Requirement:
Find "Die nun abgeschlossenen" in the entries below; copy that line through the last, exactly, with no pictures.

***** Given information

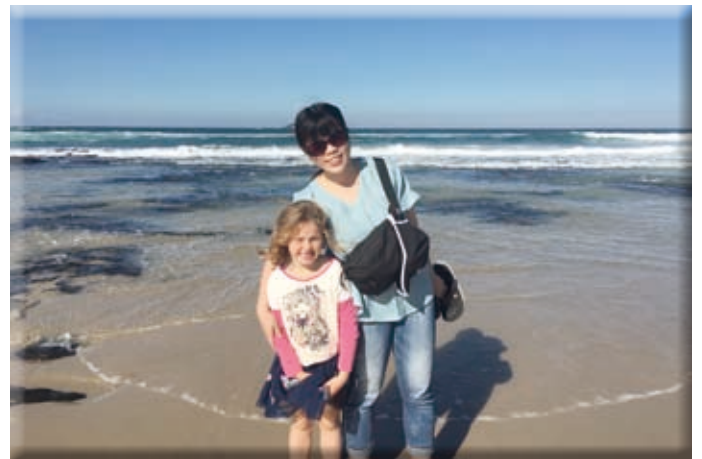
▲ホストファミリー先の子ともとパイロンベイ近くの海岸にて
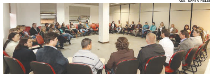
ASS. SANTA HELENA

gos dos Excepcionais, Apae, segundo o secretário.
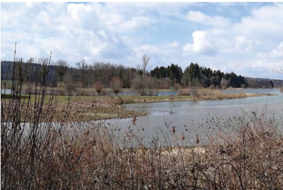
Der Flachsee bietet vielen Vogelarten Lebensraum.

Die nun abgeschlossenen Kartierungen in den verschiedenen Kilometerquadraten brachten viele spannende Beobachtungen, und nebenbei konnte ich auch noch schöne Bilder «mitnehmen». Wie etwa dasjenige des Sumpfrohrsängers an der Stillen Reuss, der bei einem der Kartierungs-Rundgänge keine 10 Meter vom Weg entfernt im lockeren Schilfbestand aus voller Kehle sang – da musste ich einfach das Kartieren kurz unterbrechen und den Sänger fotografieren.
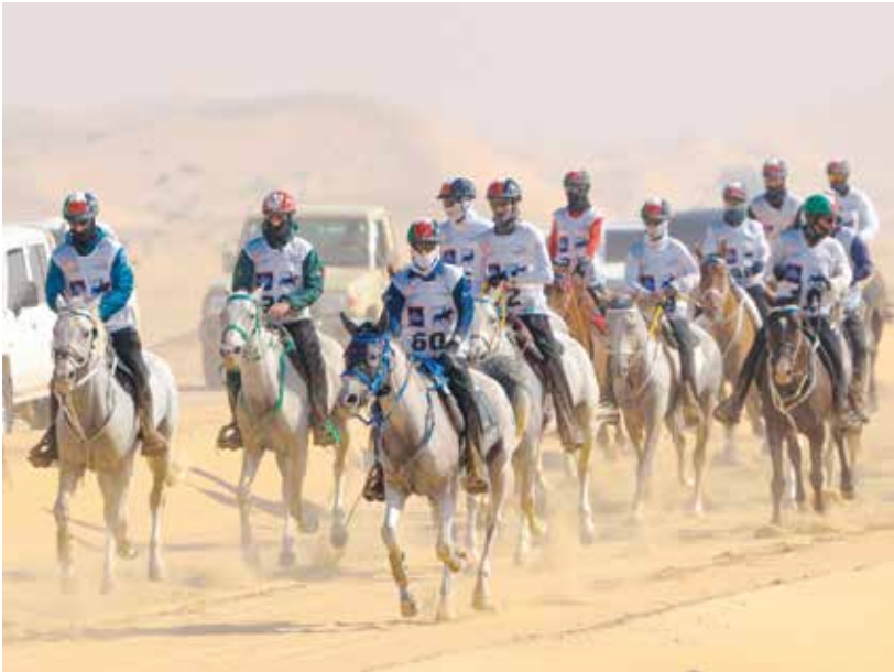
○ جانب من المنافسات.
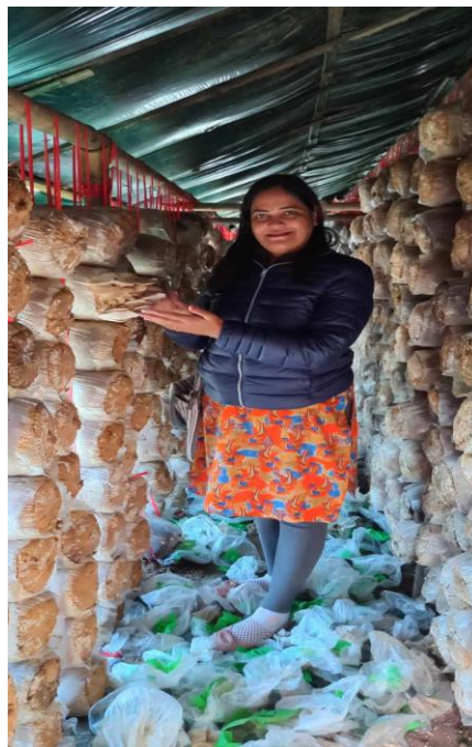
चित्र: धुलिखेल नगरपालिकामा संचालित तरकारी र च्याउ पकेटका झलकहरू...

**********

Expected answer:
Die nun abgeschlossenen Kartierungen in den verschiedenen Kilometerquadraten brachten viele spannende Beobachtungen, und nebenbei konnte ich auch noch schöne Bilder «mitnehmen». Wie etwa dasjenige des Sumpfrohrsängers an der Stillen Reuss, der bei einem der Kartierungs-Rundgänge keine 10 Meter vom Weg entfernt im lockeren Schilfbestand aus voller Kehle sang – da musste ich einfach das Kartieren kurz unterbrechen und den Sänger fotografieren.
○ جانب من المنافسات.
चित्र: धुलिखेल नगरपालिकामा संचालित तरकारी र च्याउ पकेटका झलकहरू...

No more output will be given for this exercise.